Теолог должен считаться с человеком сегодняшнего дня — прежде всего, с ним, который не живет в резервациях или в местах меньшего давления. Речь идет о том, кто испытал боль и сомнение и которого сформировал скорее нигилизм, чем церковь, причем нужно еще учесть, сколько нигилизма прячется и в самих церквях. Этот человек в большинстве случаев не будет очень развит этически и в духовном плане, хотя у него хватает убедительных банальностей. Он будет недоверчивый, смышленый, умный, деятельный, не одаренный художественно, прирожденный мастер унижения более высоких типов и идей, думающий о своей выгоде, помешанный на гарантиях и страховках, легко управляемый лозунгами пропаганды, практически не замечающий при этом их часто внезапную смену, наполненный человеколюбивыми теориями, однако так же склонный к применению страшного, не ограниченного ни правом, ни международным правом насилия, если ближние и соседи не вписываются в его систему. При этом он всегда чувствует себя так, будто злые силы преследуют его до глубины его снов, он мало способен к наслаждению и больше не знает, что такое праздники. С другой стороны нужно заметить, что в мирные времена он радуется техническому комфорту, чтобы средний возраст вырос значительно, что принцип теоретического равенства стал общепризнанным, и что в некоторых местах Земли нужно изучать такие модели образа жизни, какие едва ли существовали в охватывающем все слои комфорте, индивидуальной свободе и автоматическом совершенстве. Не невозможно, что этот стиль распространится по истечении титанического века техники. Но несмотря на это человек остается понимающим потерю, и на этом основывается собственно серое и безнадежное в его существовании, которое в некоторых городах и даже странах становится настолько мрачным, что застывает каждая улыбка, и создается впечатление, что находишься в том аду, который описал Кафка в своих романах.
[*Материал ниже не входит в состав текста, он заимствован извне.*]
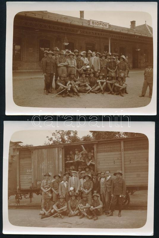 Leírás: 1928 Siófok, vasútállomás cserkészekkel, cserkésztábor, 2 db hátoldalon feliratozott fotó, 9×12 cm
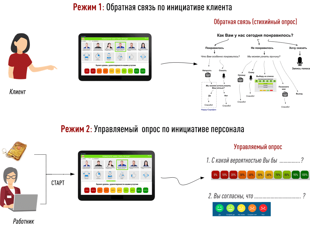 - Режим 1: Обратная связь (стихийный опрос) по инициативе клиента. Позволяет «услышать» клиентов, которые хотят быть услышанными.

Дать этому человеку догадаться, чего он лишен также в его наилучшей конституции и что скрывается в мощной силе в нем — это миссия теологии. Теолог это тот, который знает науку изобилия выше низкой экономики, знает загадку вечных источников, которые неистощимы и всегда близки. Как теолога надо понимать знающего — знающим в этом смысле является, например, маленькая проститутка Соня, которая обнаруживает в Раскольникове сокровище его «Я» и может его поднять для него. Читатель чувствует, что этот подъем чего-то важного внутри удался не только для жизни, но и в трансцендентности. В этом величие этого романе, как и вообще творчество Достоевского подобно одному из волноломов, о которых распыляется заблуждение времени. Это зачатки, которые выступают более отчетливо после каждой новой катастрофы, и в которых русское перо завоевало мировой уровень.
25
Поблизости от нулевого меридиана, у которого мы все еще находимся, у веры нет курса; здесь требуются доказательства. Также можно было бы сказать, конечно, что здесь верят в доказательства. Похоже, возрастает число духов, которые знают, что с технической точки зрения духовная жизнь располагает формами, которые эффективнее, чем военная дисциплина, спортивная тренировка или ритм мира труда. Игнатий знал это, и от этого знания живут также сегодня создатели сект и вожди маленьких кругов, намерения которых трудно оценить, как, чтобы назвать один пример, Гурджиев, во многих отношениях странный кавказец.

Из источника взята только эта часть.